Content-Transfer-Encoding: quoted-printable
Date: Mon, 25 Oct 2010 21:58:07 -0400
Message-ID: <BF3BB6D12298F54B89C8DCC1E4073D80028C76DB@CORPUSMX50A.corp.emc.com>
X-MS-Has-Attach:
X-MS-TNEF-Correlator:
Thread-Topic: Write-behind caching
Thread-Index: Act0sTwJi7tX/aDpTA+jC4LSYbZLZw==
From: david.noveck@emc.com
To: nfsv4@ietf.org
X-OriginalArrivalTime: 26 Oct 2010 01:58:08.0836 (UTC) FILETIME=[3CCE0840:01CB74B1]
X-EMM-MHVC: 1
Subject: [nfsv4] Write-behind caching
X-BeenThere: nfsv4@ietf.org
X-Mailman-Version: 2.1.9
Precedence: list
List-Id: NFSv4 Working Group <nfsv4.ietf.org>
List-Unsubscribe: <https://www.ietf.org/mailman/listinfo/nfsv4>, <mailto:nfsv4-request@ietf.org?subject=unsubscribe>
List-Archive: <http://www.ietf.org/mail-archive/web/nfsv4>
List-Post: <mailto:nfsv4@ietf.org>
List-Help: <mailto:nfsv4-request@ietf.org?subject=help>
List-Subscribe: <https://www.ietf.org/mailman/listinfo/nfsv4>, <mailto:nfsv4-request@ietf.org?subject=subscribe>
X-List-Received-Date: Tue, 26 Oct 2010 01:57:08 -0000

The following statement appears at the bottom of page 292 of RFC5661.  

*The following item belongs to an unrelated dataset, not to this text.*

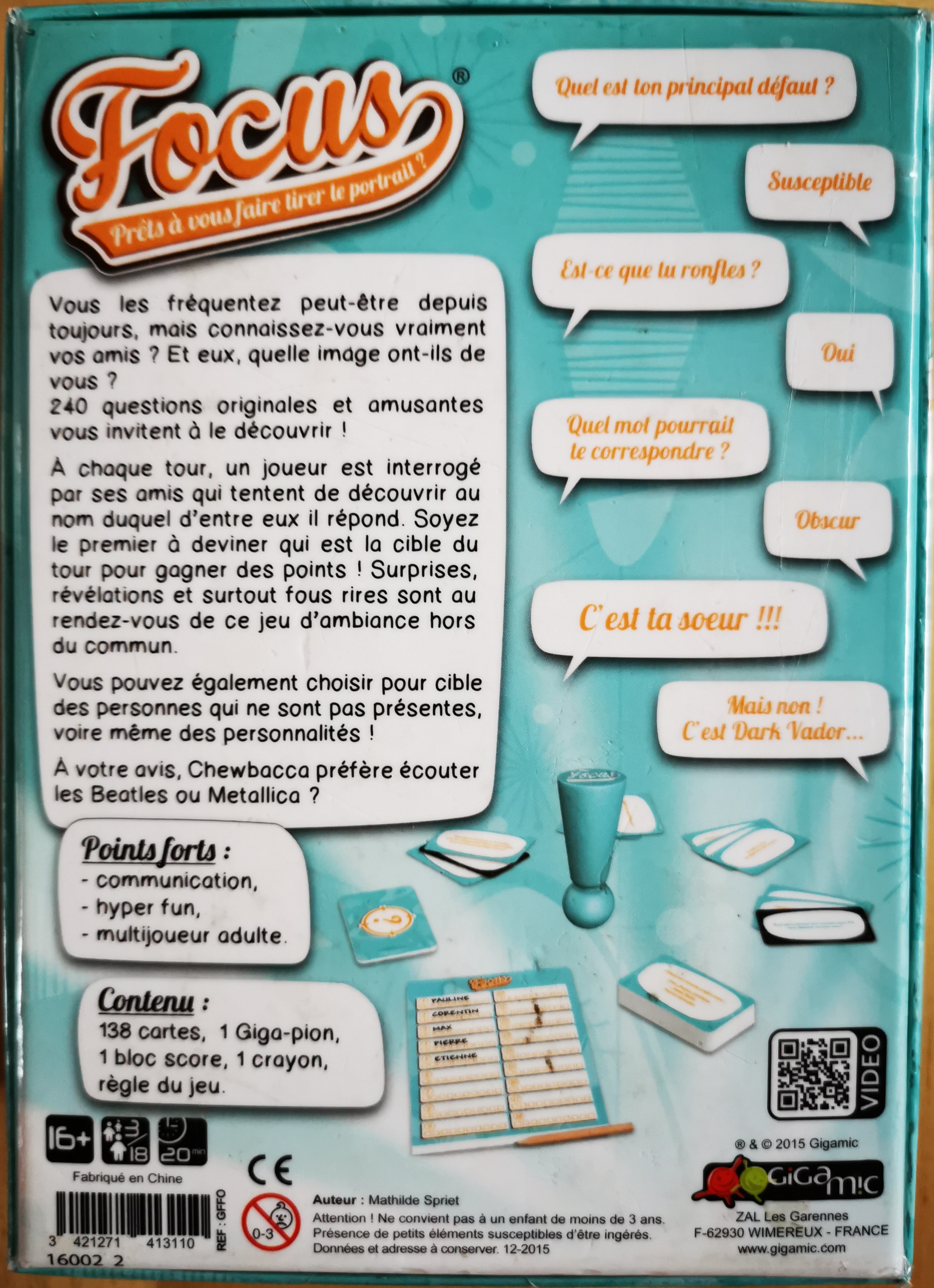 Matériel : 1 règle du jeu, 138 cartes, 1 pion géant, 1 bloc score, 1 crayon.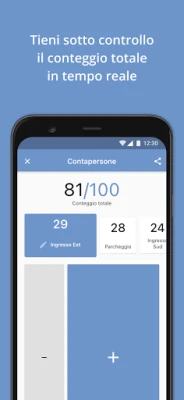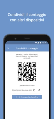 Per iniziare crea un nuovo contapersone, specificando facoltativamente la capienza. Potrai poi condividere il conteggio con altri dispositivi, ad esempio per monitorare più ingressi contemporaneamente, tramite un semplice link o un codice QR. Avrai sempre sotto controllo i conteggi di tutti i dispositivi e il conteggio totale, sincronizzato in tempo reale.

   However, write-behind caching may negatively
   affect the latency in returning a layout in response to a
   CB_LAYOUTRECALL; this is similar to file delegations and the impact
   that file data caching has on DELEGRETURN.  Client implementations
   SHOULD limit the amount of unwritten data they have outstanding at
   any one time in order to prevent excessively long responses to
   CB_LAYOUTRECALL.

This does not seem to make sense to me.

First of all the analogy between DELEGRETURN and
CB_LAYOUTRECALL/LAYOUTRETURN doesn't seem to me to be correct.  In the
case of DELEGRETURN, at least if the file in question has been closed,
during the pendency of the delegation, you do need to write all of the
dirty data associated with those previously open files.  Normally,
clients just write all dirty data.

LAYOUTRETURN does not have that sort of requirement.  If it is valid to
hold the dirty data when you do have the layout, it is just as valid to
hold it when you don't.  You could very well return the layout and get
it again before some of those dirty blocks are written.  Having a layout
grants you the right to do IO using a particular means (different based
on the mapping type), but if you don't have the layout, you still have a
way to do the writeback, and there is no particular need to write back
all the data before returning the layout.  As mentioned above, you may
well get the layout again before there is any need to actually do the
write-back.

You have to wait until IO's that are in flight are completed before you
return the layout.  However, I don't see why you would have to or want
to start new IO's using the layout if you have received a
CB_LAYOUTRECALL..

Am I missing something?  Is there some valid reason for this statement?
Or should this be dealt with via the errata mechanism?

What do existing clients actually do with pending writeback data when
they get a CB_LAYOUTRECALL?  Do they start new IO's using the layout?
If so, is there any other reason other than the paragraph above?